My Grizzly 1023 has a mitre fence with 2 screw holes at top (one each end) and a hole bored through the side edge at each end that meet the screw hole (see photos). Only thing I use the TS miter for is cutting tennons, but want a fence to attach a stop block for repeatable settings.

Curious if anyone is familiar with the function of the holes in the miter fence, I don't see that Grizzly sells an attachment. I'm thinking of making a simple plywood attachment, that would be L shaped and bolt on top of the miter guage.. but, I'm betting there are people here with ideas/experience with this.. Thanks in advance for any thoughts.


----------



## Joeb41 (Jun 23, 2012)

I made one using parts from Rockler.http://www.rockler.com/double-t-track-fence-cap


----------



## woodnthings (Jan 24, 2009)

*I use an extended fence*

My fence is long on the cut off side so I can see both sides of the kerf.
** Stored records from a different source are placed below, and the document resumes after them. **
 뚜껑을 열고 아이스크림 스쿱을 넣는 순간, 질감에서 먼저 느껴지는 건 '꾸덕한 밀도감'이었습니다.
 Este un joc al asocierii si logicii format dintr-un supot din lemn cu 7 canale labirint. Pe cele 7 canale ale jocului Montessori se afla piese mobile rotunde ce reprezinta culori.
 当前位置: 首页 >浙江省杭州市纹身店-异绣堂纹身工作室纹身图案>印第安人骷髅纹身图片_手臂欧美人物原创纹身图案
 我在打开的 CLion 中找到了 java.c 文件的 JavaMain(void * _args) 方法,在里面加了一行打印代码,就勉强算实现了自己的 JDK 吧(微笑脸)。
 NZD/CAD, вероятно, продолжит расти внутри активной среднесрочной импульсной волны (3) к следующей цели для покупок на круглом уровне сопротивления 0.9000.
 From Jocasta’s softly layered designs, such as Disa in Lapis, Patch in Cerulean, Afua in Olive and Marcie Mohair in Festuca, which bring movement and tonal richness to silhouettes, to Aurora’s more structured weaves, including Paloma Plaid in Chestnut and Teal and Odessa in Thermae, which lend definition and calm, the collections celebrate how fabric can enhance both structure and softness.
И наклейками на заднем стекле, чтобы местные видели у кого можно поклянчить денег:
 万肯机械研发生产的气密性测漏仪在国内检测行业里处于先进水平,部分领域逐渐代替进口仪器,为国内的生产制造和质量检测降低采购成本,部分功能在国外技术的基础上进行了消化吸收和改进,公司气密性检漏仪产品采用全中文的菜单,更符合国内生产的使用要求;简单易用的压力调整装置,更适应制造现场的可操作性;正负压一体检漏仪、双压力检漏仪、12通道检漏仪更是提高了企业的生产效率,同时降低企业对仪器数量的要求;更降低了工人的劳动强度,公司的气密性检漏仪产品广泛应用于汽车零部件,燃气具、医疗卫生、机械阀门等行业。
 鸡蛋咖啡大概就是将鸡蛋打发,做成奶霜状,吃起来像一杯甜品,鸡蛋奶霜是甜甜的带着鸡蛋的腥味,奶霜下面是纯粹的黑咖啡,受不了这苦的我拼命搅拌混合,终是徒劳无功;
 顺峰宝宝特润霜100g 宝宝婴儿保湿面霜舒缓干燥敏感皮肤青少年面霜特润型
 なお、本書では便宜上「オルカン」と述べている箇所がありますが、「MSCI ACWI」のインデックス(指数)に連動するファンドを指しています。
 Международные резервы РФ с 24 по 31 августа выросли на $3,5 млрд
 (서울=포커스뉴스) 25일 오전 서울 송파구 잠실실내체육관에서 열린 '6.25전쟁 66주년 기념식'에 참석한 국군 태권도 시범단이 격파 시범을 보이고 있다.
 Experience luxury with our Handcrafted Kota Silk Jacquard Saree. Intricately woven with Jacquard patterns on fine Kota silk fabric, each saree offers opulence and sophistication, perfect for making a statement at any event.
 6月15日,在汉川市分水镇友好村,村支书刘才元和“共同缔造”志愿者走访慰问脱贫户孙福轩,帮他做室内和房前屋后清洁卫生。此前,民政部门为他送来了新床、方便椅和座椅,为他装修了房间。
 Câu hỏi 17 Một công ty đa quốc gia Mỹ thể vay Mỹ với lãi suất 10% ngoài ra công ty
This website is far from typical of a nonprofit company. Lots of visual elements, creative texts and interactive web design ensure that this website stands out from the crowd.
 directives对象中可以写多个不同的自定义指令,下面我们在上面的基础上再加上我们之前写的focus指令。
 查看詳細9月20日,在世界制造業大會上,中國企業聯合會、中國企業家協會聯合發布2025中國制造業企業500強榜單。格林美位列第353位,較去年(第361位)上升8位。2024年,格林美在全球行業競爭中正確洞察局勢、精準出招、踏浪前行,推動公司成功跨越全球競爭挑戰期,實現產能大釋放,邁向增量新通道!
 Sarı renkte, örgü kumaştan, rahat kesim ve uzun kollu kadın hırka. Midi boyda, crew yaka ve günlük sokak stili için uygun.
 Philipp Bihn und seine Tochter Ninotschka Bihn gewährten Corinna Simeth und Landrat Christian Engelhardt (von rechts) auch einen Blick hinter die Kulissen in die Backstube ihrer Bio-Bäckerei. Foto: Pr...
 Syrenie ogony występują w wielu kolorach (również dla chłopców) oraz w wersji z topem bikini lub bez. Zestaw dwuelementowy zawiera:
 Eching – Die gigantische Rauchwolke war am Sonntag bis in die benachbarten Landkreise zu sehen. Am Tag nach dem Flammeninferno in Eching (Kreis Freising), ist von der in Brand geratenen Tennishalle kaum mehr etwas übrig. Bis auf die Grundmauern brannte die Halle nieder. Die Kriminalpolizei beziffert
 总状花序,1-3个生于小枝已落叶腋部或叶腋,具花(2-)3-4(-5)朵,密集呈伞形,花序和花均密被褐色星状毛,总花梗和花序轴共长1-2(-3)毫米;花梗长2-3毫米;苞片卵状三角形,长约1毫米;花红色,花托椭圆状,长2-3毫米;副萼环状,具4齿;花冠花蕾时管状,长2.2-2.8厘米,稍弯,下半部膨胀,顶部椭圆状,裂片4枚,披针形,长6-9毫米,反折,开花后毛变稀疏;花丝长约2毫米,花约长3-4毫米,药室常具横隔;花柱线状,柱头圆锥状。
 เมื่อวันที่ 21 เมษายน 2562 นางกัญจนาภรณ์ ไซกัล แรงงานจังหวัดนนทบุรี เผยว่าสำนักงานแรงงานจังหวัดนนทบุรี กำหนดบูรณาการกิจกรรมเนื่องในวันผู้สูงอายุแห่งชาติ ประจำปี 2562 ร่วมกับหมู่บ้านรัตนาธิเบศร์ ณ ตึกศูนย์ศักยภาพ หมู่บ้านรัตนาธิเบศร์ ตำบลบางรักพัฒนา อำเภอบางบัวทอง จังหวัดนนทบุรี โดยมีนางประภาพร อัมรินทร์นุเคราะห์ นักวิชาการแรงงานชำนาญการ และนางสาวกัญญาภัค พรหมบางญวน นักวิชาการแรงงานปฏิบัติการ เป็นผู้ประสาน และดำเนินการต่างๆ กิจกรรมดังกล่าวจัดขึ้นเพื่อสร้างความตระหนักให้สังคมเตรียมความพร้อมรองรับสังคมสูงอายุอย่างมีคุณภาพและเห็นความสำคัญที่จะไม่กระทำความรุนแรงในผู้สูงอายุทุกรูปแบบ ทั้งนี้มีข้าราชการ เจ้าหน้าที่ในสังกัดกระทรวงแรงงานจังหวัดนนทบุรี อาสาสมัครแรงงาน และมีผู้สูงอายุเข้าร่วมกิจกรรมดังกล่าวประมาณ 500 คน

Like this:
 

I don't know what you would use the top holes for on the Grizzly.


This dual gauge set up has virtually no play and will make very accurate 90 degree cross cuts:
 

More examples and discussion here;
http://www.woodworkingtalk.com/f27/crosscut-sled-jig-30811/


----------



## FrankC (Aug 24, 2012)

The holes in the top are to lock a rod with a hook on the end that acts as a stop gauge.


----------



## Steve Neul (Sep 2, 2011)

You don't really need to buy an attachment to make a stop block. All you would have to do is make a L-shaped block to set on your miter gauge fence you could just hole in place with a spring clamp or a small C-clamp like my miter sled. You could even mount a tape measure to the fence for the dimensions.


----------



## stoneda70 (Oct 14, 2013)

Thanks for the comments. I'll go chew on these tonight and decide how I'm going to do it.. thanks again


----------



## stoneda70 (Oct 14, 2013)

Don't get much simpler or inexpensive than this. I made it long on the cutoff side. Will clamp a stop block on. Now to those tennons..


----------